The Secret Meeting
- First edition (UK)
- Author: John Rhode
- Language: English
- Series: Lancelot Priestley
- Genre: Detective
- Publisher: Geoffrey Bles (UK) Dodd Mead (US)
- Publication date: 1951
- Publication place: United Kingdom
- Media type: Print
- Preceded by: Family Affairs
- Followed by: Doctor Goodwood's Locum

= The Secret Meeting =

1951 detective novel

The Secret Meeting is a 1951 detective novel by John Rhode, the pen name of the British writer Cecil Street. It is the fifty second in his long-running series of novels featuring Lancelot Priestley, a Golden Age armchair detective. It was published in America the same year by Dodd Mead. Unusually for the series it has an early Cold War element.

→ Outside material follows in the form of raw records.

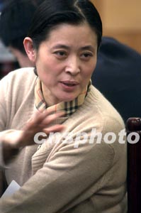全国政协委员、电视主持人倪萍在七日的分组讨论会上呼吁关注农村普教问题,对贫困山区发放“教育券”来保障教育资金的专款专用。作者:廖文静
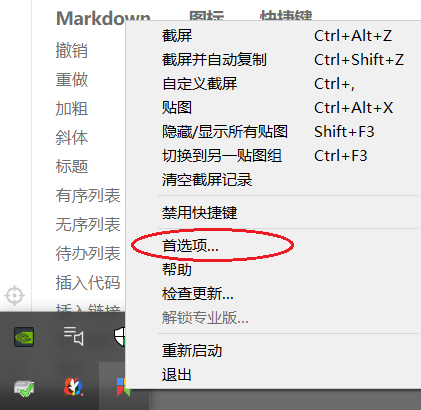 1.打开软件后,在窗口中,鼠标右击Snipaste,点击首选项,如下图所示。
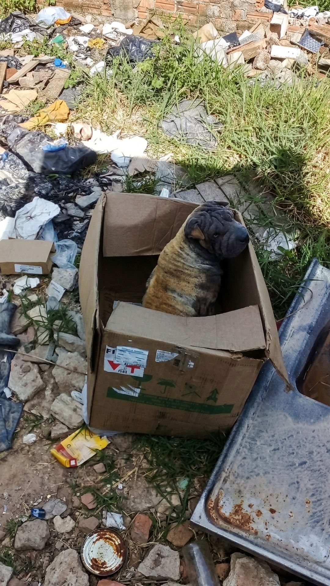 She wasn’t just a dog; she was a Shar Pei who had once been majestic, now reduced to a skeletal frame shivering in the dirt. Her owner had driven to this desolate place, placed the box on the ground, and simply drove away.
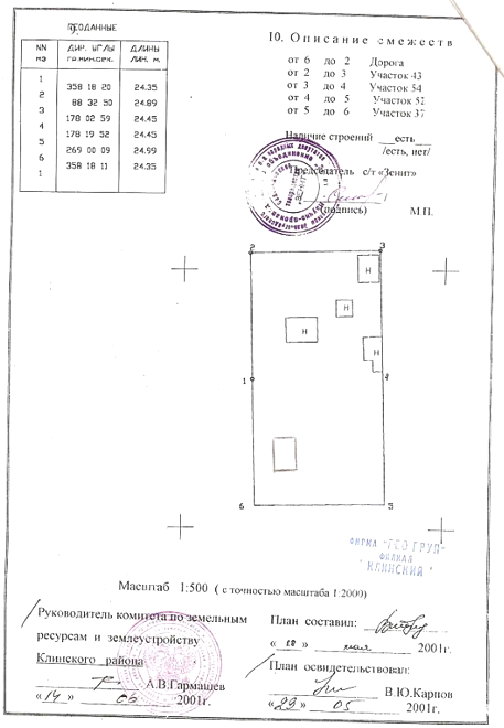 - Межевание земель было проведено до 2001 года.

In The New York Times Anthony Boucher felt it was "only for those who enjoy the methodical plodding investigations of Dr. Priestley and Superintendent Waghorn - and even those may find the dénouement singularly unconvincing." Drexel Drake in the Chicago Sunday Tribune was more positive, considering it as "fascinating as an example of patient detecting, designed especially for admirers of Dr. Priestley’s round table processes of deduction."

==Synopsis==
The discovery of a seemingly unidentifiable corpse in a shabby block of offices off the Gray's Inn Road in central London inexplicably proves to be linked to the assassination of a member of parliament with secret communist ties on an express train heading northwards.

==Bibliography==
- Evans, Curtis. Masters of the "Humdrum" Mystery: Cecil John Charles Street, Freeman Wills Crofts, Alfred Walter Stewart and the British Detective Novel, 1920-1961. McFarland, 2014.
- Herbert, Rosemary. Whodunit?: A Who's Who in Crime & Mystery Writing. Oxford University Press, 2003.
- Magill, Frank Northen . Critical Survey of Mystery and Detective Fiction: Authors, Volume 4. Salem Press, 1988.
- Reilly, John M. Twentieth Century Crime & Mystery Writers. Springer, 2015.